April 27, 2004
Pooh-Poohing PythagBill James came up with a team stat a long time ago that's found wide traction. It's the Pythagorean theorem, and it looks like:
RS^2 Winning Pct = WPct = ------------ RS^2 + RA^2
As Clay Davenport wrote in an excellent 1999 article on the theorem and improving its calculation:
RS = runs scored, RA = runs allowed, and ^ means "raised to the power of", in this case, 2. It was the "raised to the power of 2" parts that reminded James of geometry's Pythagorean theorem (a^2 = b^2 + c^2), hence the bestowment of an unwieldy name.
James later said that 1.82 was an even better exponent, and Davenport (in that article) proposed an even better way of calculating it. What's happened with the stat since then is what interests me.
The stat itself turns out a win percentage, generally within a couple of wins over the whole season. It's amusing, but ultimately not that useful. It's also served as a starting point for all kinds of statistical silliness that we should be wary of.

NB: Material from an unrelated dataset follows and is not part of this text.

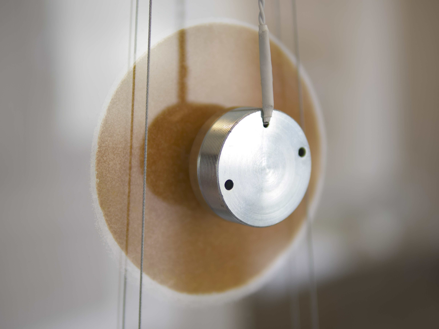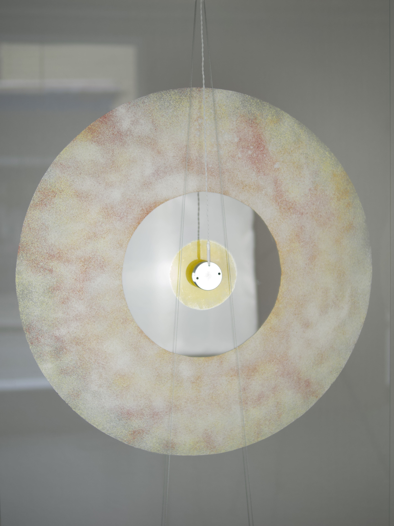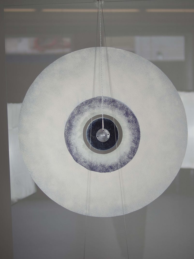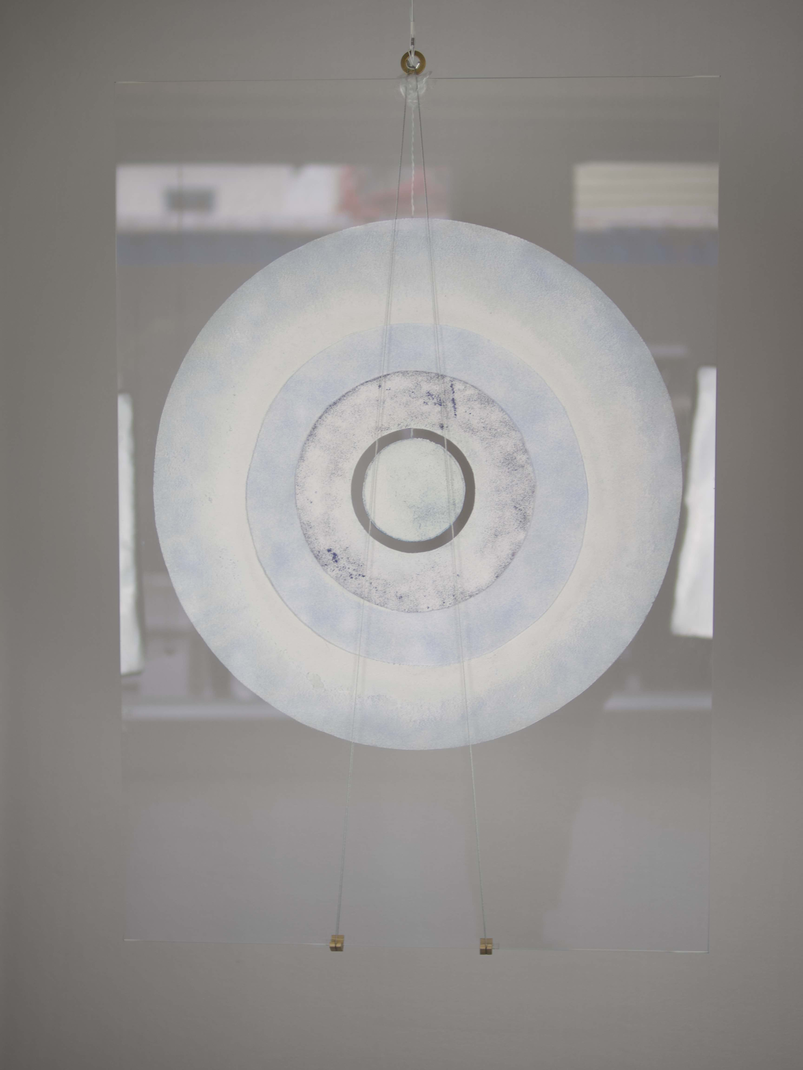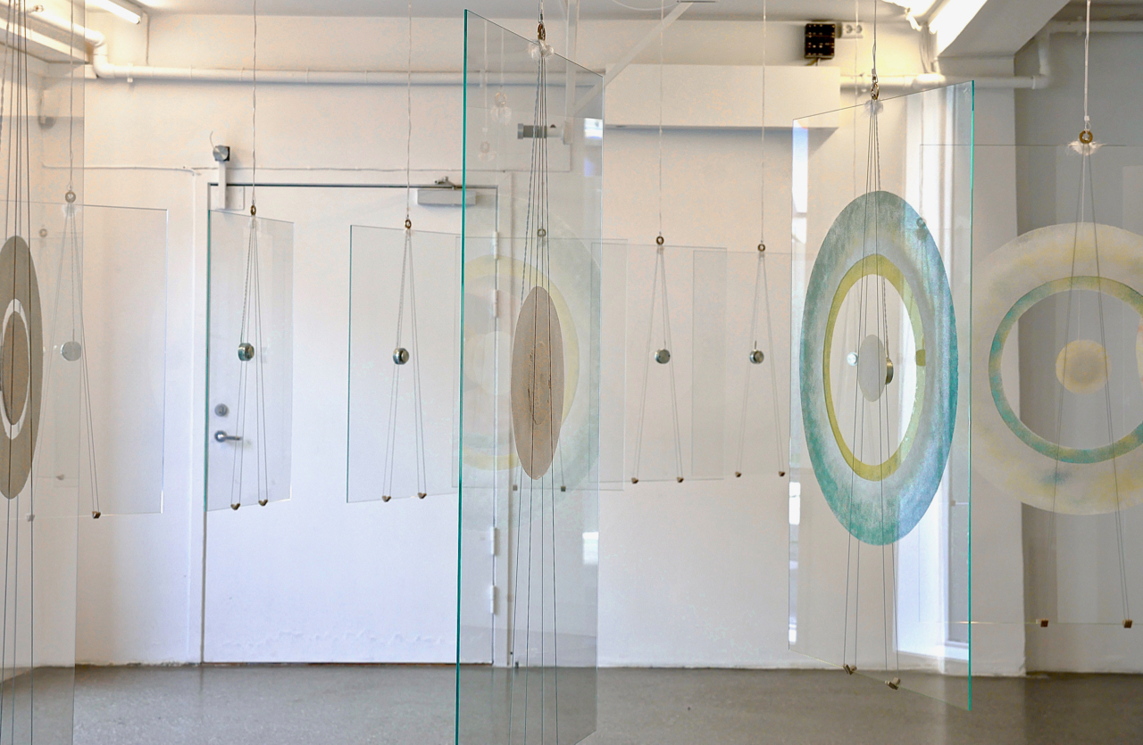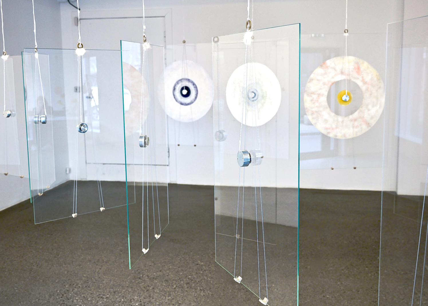 De store glassplatene er preparert med sirkulære ornamenter som kan minne om Hilma af Klimt sine malerier,3 men i tykke lag av tørre fargepigmenter og gips. Ornamentene demper vibrasjonene ulikt, og skaper derfor mikroforskjeller i lyden, men først og fremst har de en effekt på hvordan vi opplever lyden, temperaturen, tyngden, basert på synsinntrykket og tilstedeværelsen av materialiteten. Ornamentene fremhever også overlappingene, eller svevningene mellom platene når de dreier seg og stadig lager nye kalibrasjoner av dybde, tetthet, uklarhet, transparens. De enkle rektangulære formene som glassplatene er, blir sakte men sikkert til et kaleidoskop som utfordrer opplevelsen av fiksert form.

Given a discrepancy between "Pythagorean Wins" (what you'd expect from a team given a specific runs scored/runs allowed set) and actual wins leads to all kinds of investigation, chin-scratching, nose-picking, and navel-gazing. Some people will say a team is "stronger" than its actual record because it's underperforming the formula, and so forth. Suspects for the gap typically include:
This leads to interesting observations and theories (team x is 12-0 in one run games, manager Joe's teams consistently outperform their Pythagorean record except when they don't) but rarely insight. It's not as bad as putting a couple of stats into a blender, pressing the "pulse" button a couple of times, and claiming the resulting undrinkable smoothie is some kind of innovation. But it's still a waste of time.
Minnesota, as I write this, is two games over their "expected win-loss" record. Kansas City is two games below. Montreal, at 5-14, is two games over its "expected win-loss" record. I put expected in quotes not to make a derogatory implied comment, but because that's the term listed on ESPN's stat pages (even though at the bottom of the page there's this sentence: "This formula was designed to relate a team's runs scored and runs allowed to its won-lost record.")
At what point did this little stat become the metric used to generate a yardstick for team performance?
Take weather. Chaos theory arose out of meteorology, when Lorenz noticed that running the same simulations with extremely small variations in starting conditions resulted in wildly divergent results down the road. It's part of why long-range weather forecasting is a fool's task. In the same way, so is baseball forecasting: reading pre-season forecasts from anyone (especially me) about what things will look like at the end of a 162-game season, much less one then followed by a couple of short playoff series, should be for entertainment value only.
In the same way that Lorenz's weather simulations turned out differently, so does the season. I can run two Diamond Mind simulated seasons, and while over time you'll get a pretty good idea of where things most likely will end up, there's no way to know for certain what will happen each season. You can watch the chaos arise from the first pitch thrown, which affects the first at-bat, difference piling on difference until it tips who goes to the World Series and who doesn't.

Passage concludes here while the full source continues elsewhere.